Example 2: Valid Timezone¶
Request:
GET /api/partner/v1/meetings/mtg_abc123
Authorization: Bearer <token>
X-Client-Timezone: America/New_York
Response:
HTTP/1.1 200 OK
Content-Type: application/json
X-Client-Timezone: America/New_York
{
"id": "mtg_abc123",
"title": "Project Sync",
"scheduled_start": "2024-01-15T14:30:00-05:00",
"scheduled_end": "2024-01-15T15:30:00-05:00",
"created_at": "2024-01-10T09:22:00-05:00"
}
The response header echoes America/New_York, confirming the timezone used.

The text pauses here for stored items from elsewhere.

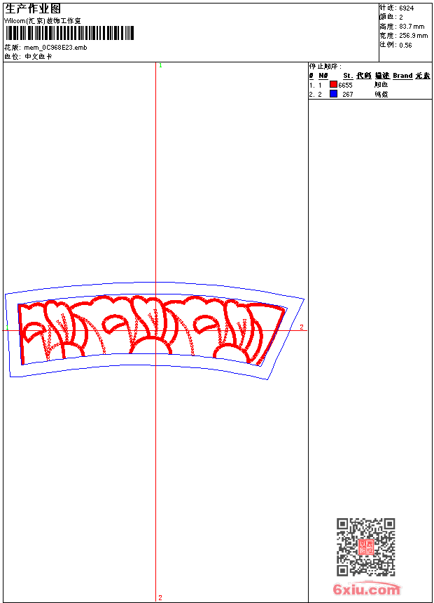 - emb花版参数: 大小:768.00 KB / 尺寸:257*84[毫米] / 针数:6924针 / 线色:2 / 格式:emb / 版本:e2
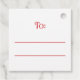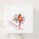 To from Christmas hang tags featuring a beautiful watercolor painting of a red cardinal sitting on a snowy branch with red berries, and red text "Merry Christmas" with your family name or custom text below. On the back is red text “to” in an elegant, festive font and two lines.
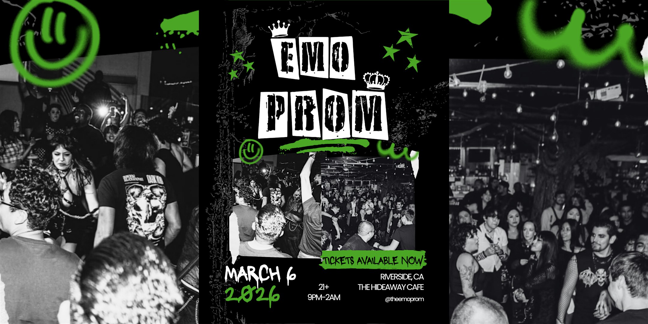 by admin27Feb EMO PROM – MAR 6 at THE HIDEAWAY CAFE & LOUNGE – Riverside, CA EMO PROM – MAR 6 at THE HIDEAWAY CAFE & LOUNGE – Riverside, CA 1 1 people viewed this event. Emo Prom Night — First Fridays at The Hideaway Café & Lounge, Downtown Riverside. Dress dark, sing loud, dance through the heartbreak. Tickets-RSVP Link Date And Time Friday, March 6th, 2026 09:00 PM (PST) Venue THE HIDEAWAY CAFE & LOUNGE Location 3660 Mission Inn Avenue, Riverside, CA 92501 Event Types MusicParty or Social Gathering Event Category California Share With Friends Facebook Twitter Linkedin Xing Pinterest Share This Post:
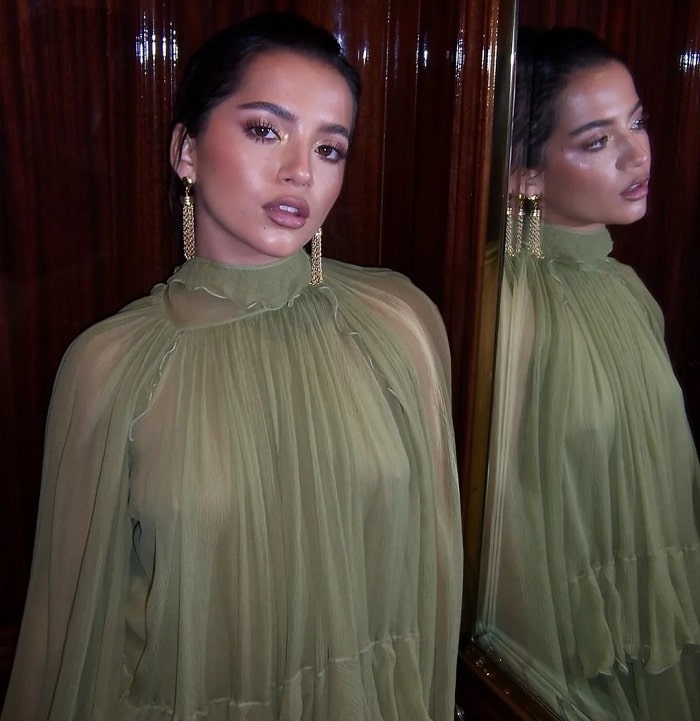 Cuando está de pié aparecen en zapatillas. Es ciertoNo. Salió así en lencería.
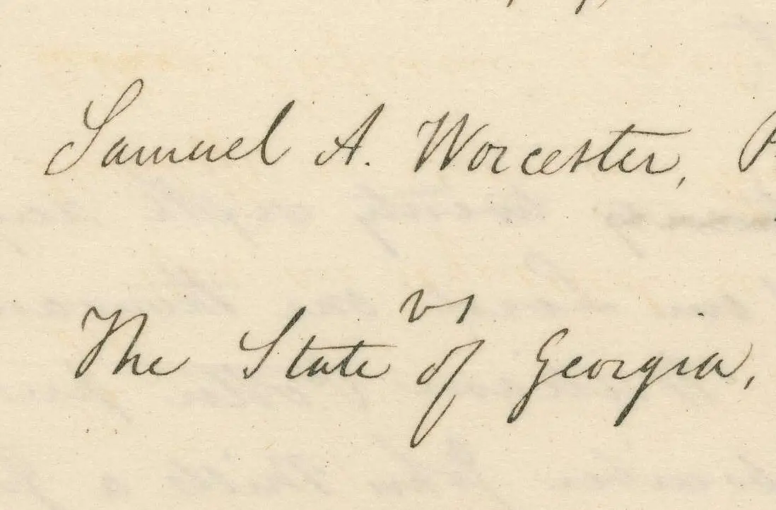 The men appealed. After they were unsuccessful in the highest state court, they appealed to the U.S. Supreme Court on a writ of error (which demands the lower court provide the full record to a higher court for review of errors) in Worcester v. Georgia. The letter shown here notified the Attorney General of Georgia that Butler and Worcester’s lawyers were filing a writ of error with the U.S. Supreme Court on their clients’ behalf. It comes from the case file for Worcester v. Georgia.
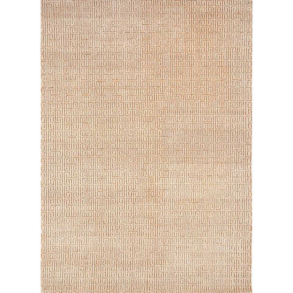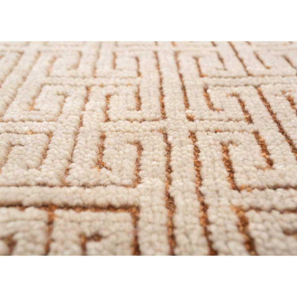 Alfombra de Lana Anudada a Mano Color Marfil con Diseño Geométrico Clásico para Entrada o Pasillo - Lca-874 9x12 Modelo Rectangular Tipo Rompecabezas
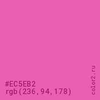 Цвет #EC5EB2 в цветовой модели RGB обозначается тремя октетами (236, 94, 178) в десятичном формате и #EC5EB2 в шестнадцатиричном (hex) формате, которые являются интенсивностью красного 236 (hex EC), интенсивность зелёного 94 (hex 5E) и интенсивность синего 178 (hex B2).
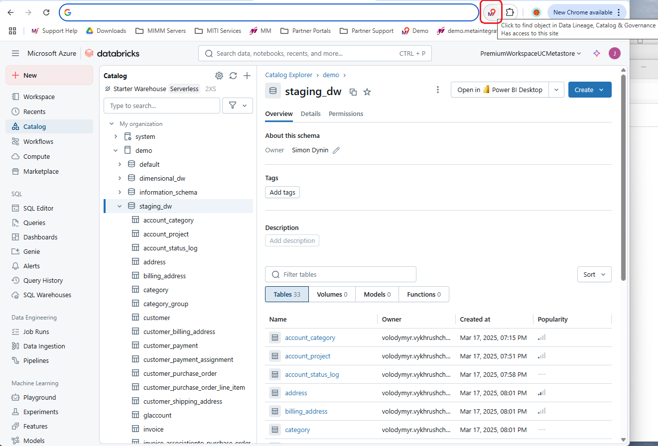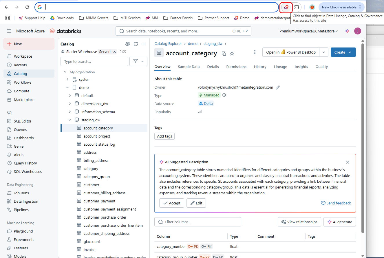 In the Cloud Databricks Architecture configuration, we can see Databricks based models, e.g., the Bronze Staging DW Databricks model containing a schema named staging_dw:

Example 3: Invalid Timezone (Fallback to UTC)¶
Request:
GET /api/partner/v1/meetings/mtg_abc123
Authorization: Bearer <token>
X-Client-Timezone: Invalid/Timezone
Response:
HTTP/1.1 200 OK
Content-Type: application/json
X-Client-Timezone: UTC
{
"id": "mtg_abc123",
"title": "Project Sync",
"scheduled_start": "2024-01-15T19:30:00Z",
"scheduled_end": "2024-01-15T20:30:00Z",
"created_at": "2024-01-10T14:22:00Z"
}
The response header returns UTC, indicating the fallback was applied. No error is returned—the API silently defaults to UTC.
Request Body Timestamps¶
When sending timestamps in request bodies (e.g., creating or updating meetings), you should:
- Preferred: Send timestamps in UTC with
Zsuffix - Acceptable: Include an explicit offset (e.g.,
-05:00)
{
"title": "Team Standup",
"scheduled_start": "2024-01-20T15:00:00Z",
"scheduled_end": "2024-01-20T15:30:00Z"
}
The X-Client-Timezone header does not affect how request body timestamps are interpreted—they are always parsed as provided.
Date-Only Fields¶
Fields containing only a date (no time component) are not affected by the timezone header. These are returned as-is in YYYY-MM-DD format.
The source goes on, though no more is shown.